Standard abbreviations
- ISO 4: Divyadaan

Indexing
- ISSN: 0972-2211

= Divyadaan: Journal of Philosophy and Education =

Divyadaan: Journal of Philosophy and Education is published three times a year by Divyadaan: Salesian Institute of Philosophy, Nashik, India. It focuses mainly on philosophy, with interest also in the streams of education and communication, which are the two specializations offered by the Institute. The Institute is run by the Society of St Francis de Sales, also known as the Salesians of Don Bosco, an international Catholic religious congregation whose primary mission is the education of young people, especially those who are disadvantaged. The congregation also interests itself in the welfare of middle- and working-class people, hence its interest in popular communication.

==Earlier names==
Originally entitled Divyadaan: A Philosophical Annual, in 1995 it was renamed Divyadaan: Journal of Philosophy, and in 1996 Divyadaan: Journal of Philosophy and Education. Articles are indexed in The Philosopher's Index.

==Features==
Besides articles, the journal offers 'Dissertation Abstracts' (of doctoral dissertations in philosophy, education and communication published in the South Asia region) and 'Reviews and Notices'.

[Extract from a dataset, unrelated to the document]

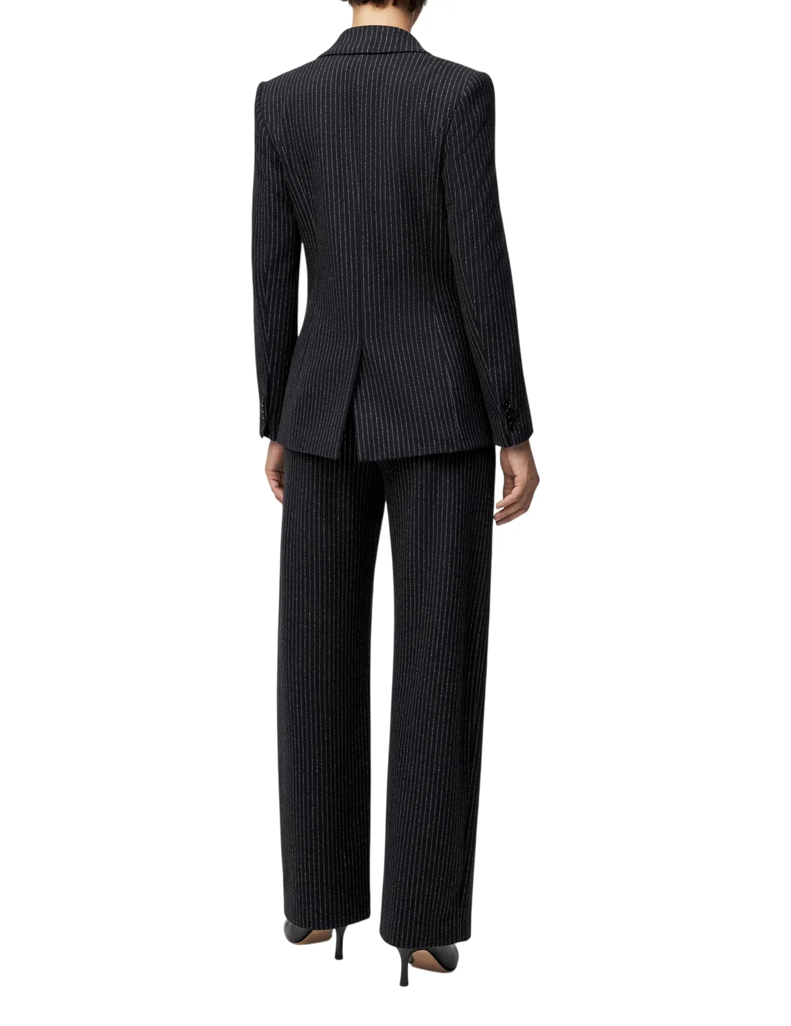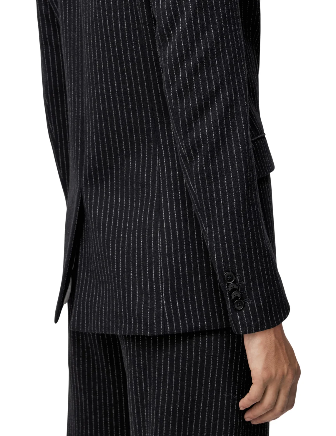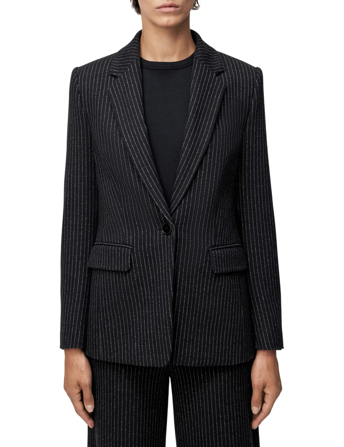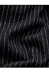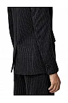 Піджак виготовлений з поліестеру, бавовни, віскози та еластану. Модель виконана в приталеному крої. Має відкладний комір з лацканами, довгі рукави, декоративні клапани та застібку на ґудзик. Декорований принтом у смужку.

In 2009 (vol. 20/2) the journal began serializing Richard De Smet's 'Guidelines in Indian Philosophy', which up to then had existed only in the form of cyclostyled notes for students at Jnana Deepa Vidyapeeth, Pune.

==Editors==
Joaquim D'Souza edited the journal from 1984-85 to 1987-88 (vols. 1-3); Albano Fernandes from 1993 to 1998 (vols. 5-9); Ivo Coelho in 1988-89 (vol. 4), and then again since 1999 (vol. 10). Since 2014 (vol. 25) Banzelao Julio Teixeira has joined as co-editor.